Drop the mic
And hold the bunny
At first, I insisted on keeping the desk in the house. If not in the living room, on the screen porch. With all my recording equipment in the top drawer. Accessible enough that I could write or record at any time, even after the baby came. I was adamant that I would not become a hollow shell of a woman, so consumed with the duties of mothering that the other vibrant parts of myself— the writer, the singer, the creator— withered and died. That would be a recipe for disaster, for resentment and shame and internal collapse.
But we live in a small house, and with all the baby stuff coming in, there simply wasn’t room for the desk inside.
It’s been out on the porch all year. Collecting dust and mostly taking up space that I’ve begun to eye as more valuable real estate for Valor to roam and tumble. He’s sixteen months now, insatiably curious, in constant movement.
And more movement is on the way. Another baby is coming. We found out in April that I’m pregnant again. The full rainbow of emotions unfurled in our bathroom early on Easter morning as we watched two little pink lines appear on the pregnancy test: positive. I shook and sobbed, holding Valor on my lap. Andrew crylaughed and laughcried and hooted with unfettered joy. Shock and grief and wonder and awe and excitement and terror and gratitude and more, gut churning and heart rending. I’m now thirteen weeks along and have mostly adjusted to the new reality that I’m about to have another baby, a bit sooner than I thought I would, at the end of this year.
And so our house is feeling even smaller. I’m looking at ways to get creative with space and to expand the playzone even more.
For a few weeks now, I’ve been itching to take the desk out. We finally moved it this past weekend. I couldn’t wait. First, I cleaned out the drawers. Lovingly wrapped up the sound cables, boxed up the microphone and all its accoutrements and moved them to the garage.
I was astonished by how little charge I felt around it all. How little fear or shame or hesitation there was. Because the truth is, in the sixteen months since Valor was born, I haven’t recorded any music, other than voice notes of me singing with him burbling in the background. And I haven’t written anything on my desk. I use Andrew’s or the kitchen table. The writing gets done. And the singing is still happening, even if it’s not during a dedicated recording session with wires and cables to indicate its legitimacy.
The desk, when it initially came into my life, was a symbol of my claiming my identity as Writer. So too with the microphone. A professional-grade one that would affirm that I am a Musician. And they both served me well in those last years of my maidenhood, as I finished graduate school, began a consistently dedicated writing practice, and recorded an album. The objects helped me solidify parts of myself that had been dormant and under-tended for years, and I clung to them in the early months of motherhood in an attempt to not lose those parts.

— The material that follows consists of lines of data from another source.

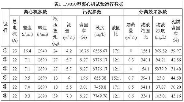 2010年10月底,公司選用麗水市恒力離心機(jī)械設(shè)備有限公司的LW350A型臥螺離心機(jī)對循環(huán)水污泥進(jìn)行了定性試驗,LW350A型離心機(jī)的主要參數(shù)為:螺旋差速10~30r/min、轉(zhuǎn)鼓轉(zhuǎn)速2800r/min、電機(jī)功率55kW。絮凝劑選用濃度為1.5‰的陰離子型聚丙烯酰胺,試驗數(shù)據(jù)見表1。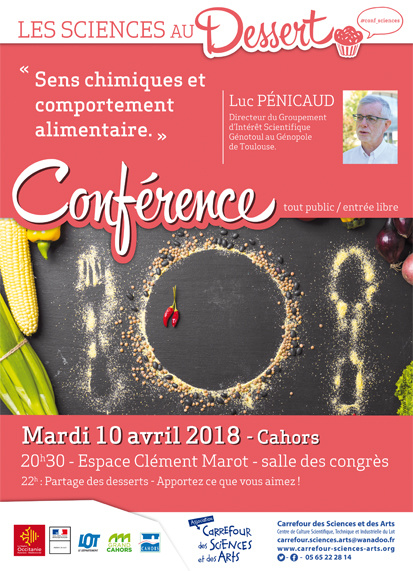 Sens chimiques et comportement alimentaire Publié le dimanche, 8 avril 2018 par jevouslis Conférence : Sens chimiques et comportement alimentaire par Luc Pénicaud (mardi 10 avril 2018, Cahors)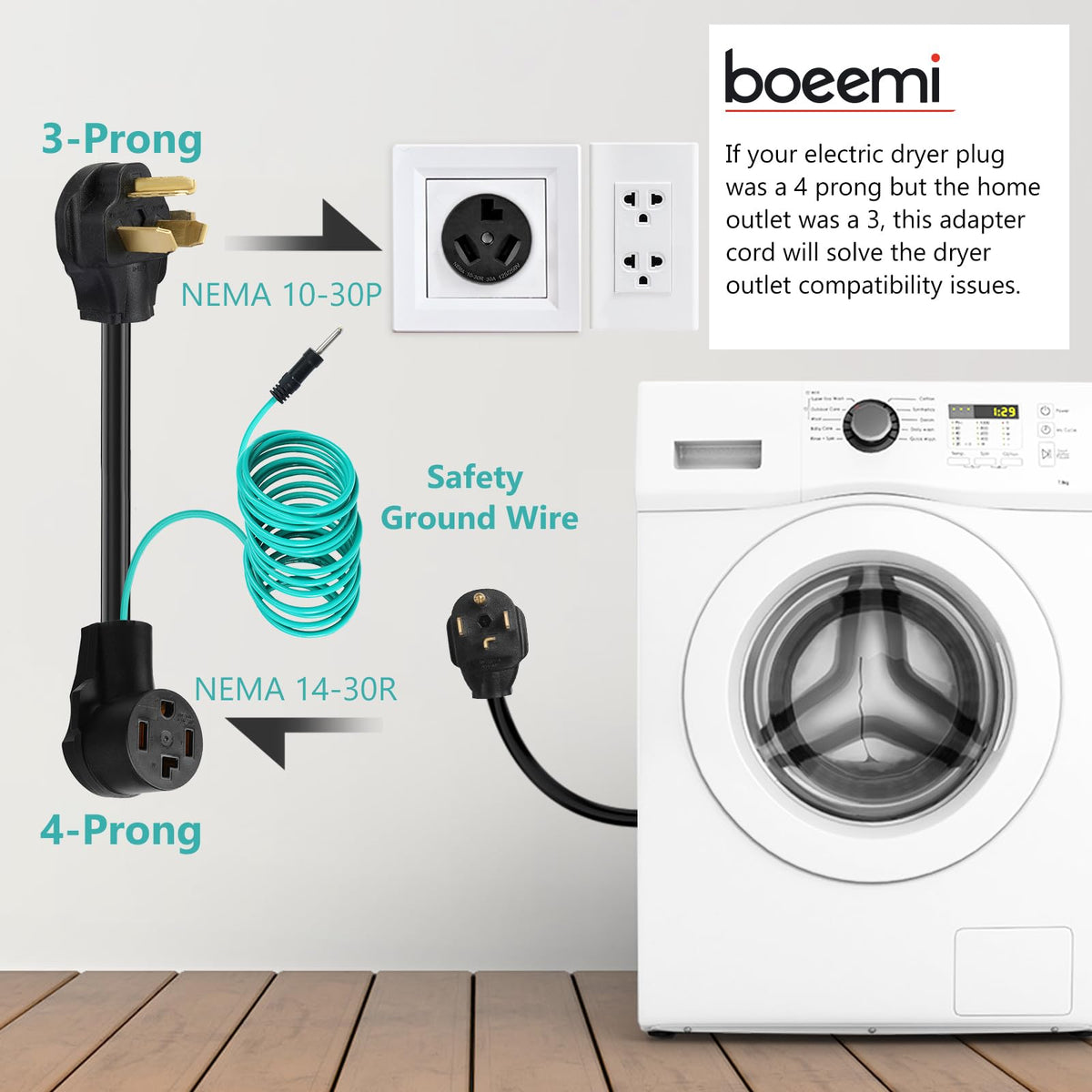 Q: How easy is it to install the BOEEMI dryer adapter?A: Installing the BOEEMI dryer adapter is a straightforward process that requires no tools or electrical knowledge. Simply plug it into the 3 prong outlet and connect your dryer, making it an ideal solution for renters or DIY enthusiasts.

But something else is happening. The lack of fear and self-doubt around moving everything out to the garage feels like a big deal. Like something in me is maturing. I realized as I packed it all away, that maybe I don’t need the objects to prove to myself that I’m a writer and a musician. I don’t even need to be actively writing songs or recording or sharing them to prove that to myself, not in the way I did in years past.
Because the truth is that my life is changing so much, my identity and the ways I spend my energy have transformed so radically since I gave birth, and letting go is no longer a disorienting prospect. I do feel fully immersed in motherhood. And I’m about to have two babies under two years old and begin an initiation into a completely different realm. I don’t and won’t have unlimited free time to create anymore, the way I used to. But I don’t feel hollow or resentful or collapsed.
My midwife and friend Hannah recently shared with me that the Mayan goddess Ixchel is depicted in three different ways as she moves through the stages of maiden, mother and crone. As a maiden she is seen with her wand, fully engaged in her craft and magic. As a mother, the wand is gone. She is instead holding a giant bunny who takes up her whole lap and fills her entire embrace. She is so fully in her mothering that her wand is gone. But then it returns when she becomes a crone, and with it, a serpent of wisdom around her crown.
And so it is. I do not fear that my wand will never return. In fact, I feel more powerful and creative than ever in this chapter, in ways I can’t even fully explain. And I don’t need a desk or a microphone to make it so. What I need is a few more square feet of space and a few less delicate objects to fret over, so this bunny can bounce.



Congratulations! And I really resonated with this piece, relating to my own art practice. I’ve just been picturing holding a massive bunny since I read it, and it’s super nice 😊
Beautifully said. Congratulations, Tana, Andrew and Valor!